En pratique, l’administrateur ou le liquidateur adressera une lettre recommandée au bailleur, pour prouver que la résiliation a bien été opérée et pour lui donner une date certaine.
A QUELLE DATE LA RÉSILIATION DU BAIL PREND-ELLE EFFET ?
Plus précisément, l’administrateur ou le liquidateur peut-il adresser un courrier au bailleur l’informant de sa volonté de résilier le bail pour une date ultérieure et différer ainsi les effets de la résiliation ?
Cela permettrait à l’administrateur ou le liquidateur de laisser survivre quelques mois l’activité du commerçant pour terminer les contrats en cours ou pour organiser la vente des biens garnissant le fonds de commerce, tout en laissant au bailleur le temps de se retourner face à cette rupture anticipée, et par exemple, lui permettre de chercher un nouveau locataire.

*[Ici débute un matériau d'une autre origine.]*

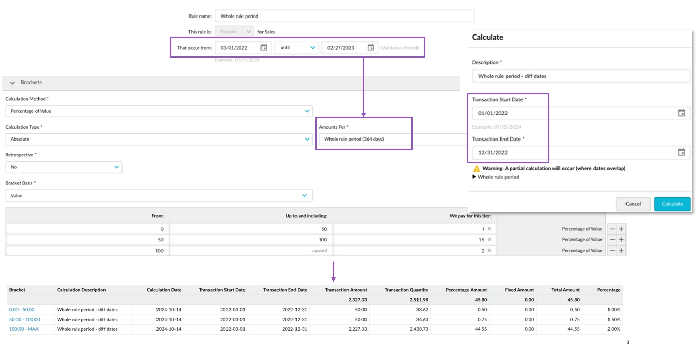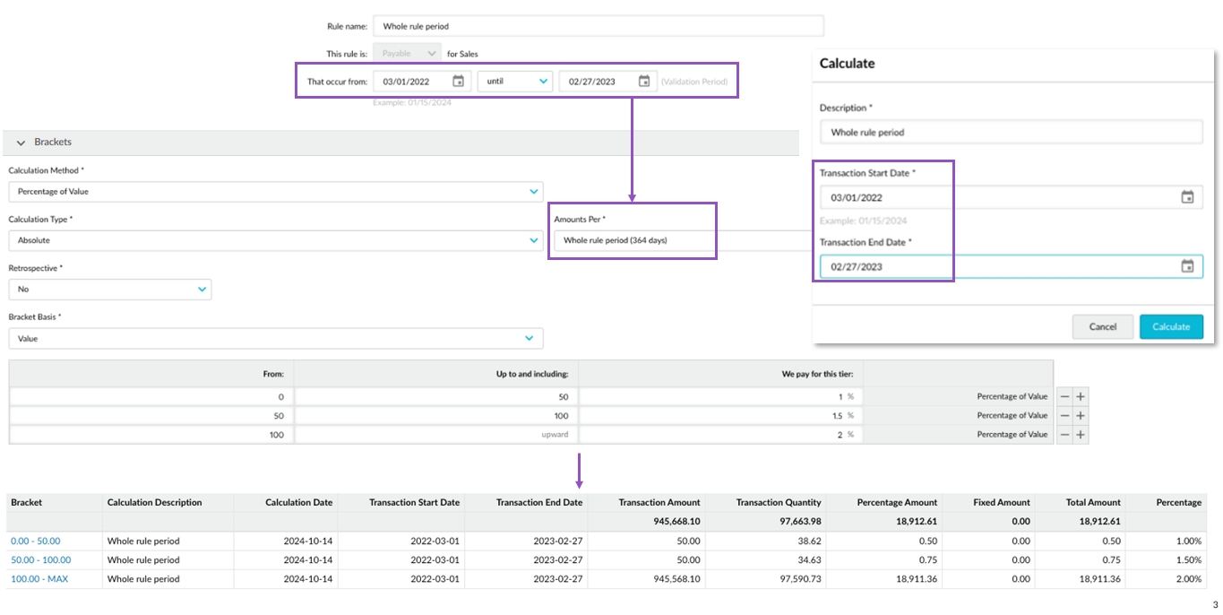 In this example, two calculations are run for the same rule, yielding different results. The rule validation period is March 1, 2022 to February 27, 2023. The calculation periods are different.
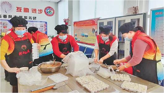 日前,在荣成市燕语春风社会工作服务中心的爱心厨房,志愿者制作爱心食品,送给当地的失能家庭和残疾家庭。近期,荣成市统一战线团体社会组织联合会开展了“助餐”志愿服务,让特殊家庭感受关爱和温暖。
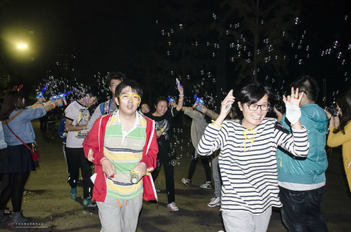 经过前期大力的宣传,本次活动多达700余人报名,达到了举办此类活动以来的最高峰。晚六点,报名的同学们陆续到达孔子广场签到,并以1元公益的形式购取荧光道具,领取抽奖号码。对于意料之外的雾霾天气,学生会工作人员贴心地为同学们准备了口罩,并提出“冲出雾霾”的响亮口号。在夜跑活动正式开跑前,PASSWORD街舞社带来的精彩舞蹈表演炒热了全场的气氛,阿卡贝拉清唱社送上的人声合唱带来了独特的听觉盛宴。接着由“KEEP”专业健身教练和八位夜跑达人一起带领同学们跟着节奏做热身运动,为接下来的长跑做好预热。

La Cour de cassation a clairement répondu que cela n’était pas possible dans un arrêt du 24 janvier 2018 (Cass. Com, 24 janv. 2018, n°16-13333) :
« Mais attendu, d’une part, qu’après avoir énoncé qu’il résulte de l’article L. 622-14, 1°, du code de commerce, dans sa rédaction issue de l’ordonnance du 18 décembre 2008, que la résiliation du bail des immeubles donnés à bail au débiteur et utilisés pour l’activité de l’entreprise intervient au jour où le bailleur est informé de la décision de l’administrateur de ne pas continuer le bail, l’arrêt retient exactement que si l’article L. 622-13, II, du même code fait obligation à l’administrateur de résilier un contrat à exécution successive à défaut de fonds suffisants pour acquitter le terme suivant, cette obligation ne lui interdit pas de mettre un terme à tout moment à des contrats de bail, même si les loyers peuvent être payés à l’échéance ;
Et attendu, d’autre part, que la résiliation étant, par application de la loi, effective dès le jour où le bailleur en est informé, le fait que l’administrateur lui ait indiqué que la résiliation n’interviendrait qu’à une date ultérieure, n’a pas eu pour effet de la rendre irrégulière ni d’en différer la date ».
Dans l’affaire soumise à la Cour de cassation, l’administrateur entendait repousser les effets de la résiliation à l’expiration d’un délai de six mois.
Le bailleur, a contesté la faculté de l’administrateur de dénoncer à tout moment le bail en cours sans avoir à apporter une quelconque justification, ainsi que la date d’effet de cette dénonciation contraire aux dispositions légales.
La Cour de cassation a rejeté son pourvoi tout en rappelant que l’administrateur pouvait mettre un terme à tout moment au contrat de bail, mais confirmant que la date de résiliation était imposée par l’article L 622-14 du Code de commerce qui impose de plein droit aux parties une prise d’effet de la résiliation anticipée le jour où le bailleur est informé de la décision de l’administrateur.
Elle a jugé que la résiliation avec date d’effet différée n’avait pas eu pour conséquence de rendre celle-ci irrégulière mais que le report prévu dans la lettre ne pouvait s’appliquer.
Ainsi, l’administrateur ou le liquidateur ne peut accorder de préavis au bailleur et doit adresser le courrier informant ce dernier de sa volonté de résilier le bail commercial uniquement quelques jours avant la libération des locaux.
Une fois le bailleur informé de la résiliation, le locataire commerçant devient occupant sans droit ni titre, avec les conséquences que cela implique tant sur sa créance que sur les possibilités d’expulsion.
Il appartient donc à l’administrateur ou au liquidateur d’être vigilant sur la date d’envoi de ce courrier.
Et il appartient au bailleur de bien peser le pour et le contre avant d’envoyer une demande formelle sur la poursuite ou non du bail commercial.